Created 09-08-2016 07:52 PM
So I've enabled lz0 compression as per HortonWorks guide... I've got 120TB of storage capacity so far and a defacto replication factor of 3. My data usage is at 75% and my manager is starting to wonder if lz0 can be used to compress the the file system "a la windows" where the file system is compressed but the data is accessible "as per usual" through the dfs path?
Any hint would be greatly appreciated....
Created 09-08-2016 11:32 PM
HDFS does not need ext4, ext3 or xfs file system to function. It can seat in top of raw JBOD disks. If that is the case, there is no more opportunity of further compression. If in your case is in top of a file system that is questionable as a best practice. What is your situation?
Anyhow, there are other things you can do maximize even further your storage, e.g. ORC format.
Keep in mind that super-compression requires more and more cores available for processing. Storage is usually cheaper and a super-compression can bring also performance problems, CPU bottleneck etc. All in moderation.
Created on 09-29-2016 03:53 PM - edited 08-19-2019 01:01 AM
I went through the tutorial above for HDP 2.4.2 without success...
Created 09-29-2016 03:58 PM
I changed the to the right directory location, still the same error though 😕
Created 09-29-2016 04:52 PM
Is there no actual step by step guide on how to do that... Been searching for weeks, nothing concrete so far.

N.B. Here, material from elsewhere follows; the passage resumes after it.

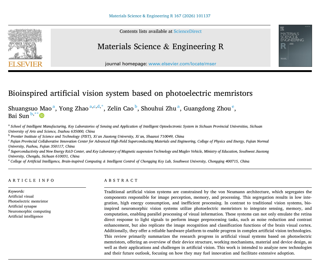 与此同时,团队毛双锁博士在仿生视觉与光电器件领域的综述成果以《Bioinspired artificial vision system based on photoelectric memristors》为题,发表于国际顶级综述期刊《Materials Science & Engineering R》。该期刊为中科院1区TOP期刊,最新影响因子达 26.8,是材料科学领域极具影响力的权威综述期刊。该成果系统梳理了基于光电忆阻器的人工视觉系统的研究进展,内容涵盖器件结构、工作机制、材料与器件设计,以及在人工视觉领域的具体应用与现存挑战。通过分析光电忆阻器当前状况与未来前景,探讨其如何推动视觉信息处理技术的创新,并促进其在实际中的广泛应用。该论文以bw必威西汉姆联为第一完成单位,西安交通大学、福建师范大学为共同通讯单位。

Created 09-29-2016 06:28 PM
So I got the job to "start"
[ INFO ] [main] Task Id : attempt_1475173438027_0002_m_000000_0, Status : FAILED Error: Java heap space Container killed by the ApplicationMaster. Container killed on request. Exit code is 143 Container exited with a non-zero exit code 143 [ INFO ] [main] Task Id : attempt_1475173438027_0002_m_000000_1, Status : FAILED Error: Java heap space Container killed by the ApplicationMaster. Container killed on request. Exit code is 143 Container exited with a non-zero exit code 143 [ INFO ] [main] Task Id : attempt_1475173438027_0002_m_000000_2, Status : FAILED Error: Java heap space [ INFO ] [main] map 100% reduce 100% [ INFO ] [main] Job job_1475173438027_0002 failed with state FAILED due to: Task failed task_1475173438027_0002_m_000000 Job failed as tasks failed. failedMaps:1 failedReduces:0
Created 09-29-2016 06:29 PM
Changed YARN Java heap size from 1Gb to 4... it still dies?